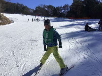 今回、初めてスキーをやった子も、午後になるとすっかり上達しました。
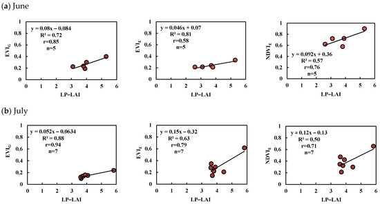 Scatter plots of vegetation indices and LP-LAIs in (a) June and (b) July.
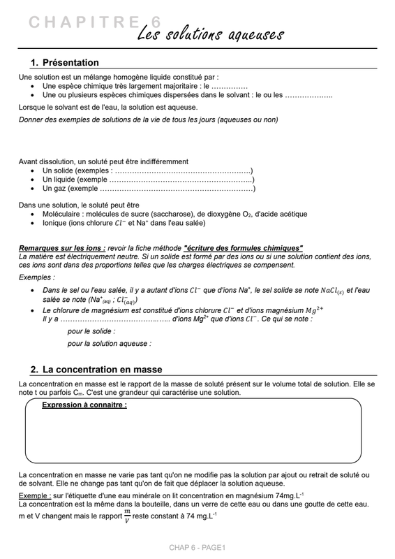 Chap 6 Solutions aqueuses

◇ ◇ ◇

**Instructions for the task:**
Give back each line above exactly, with pictures dropped.

**Solution for this exercise:**
 今回、初めてスキーをやった子も、午後になるとすっかり上達しました。
 Scatter plots of vegetation indices and LP-LAIs in (a) June and (b) July.
 Chap 6 Solutions aqueuses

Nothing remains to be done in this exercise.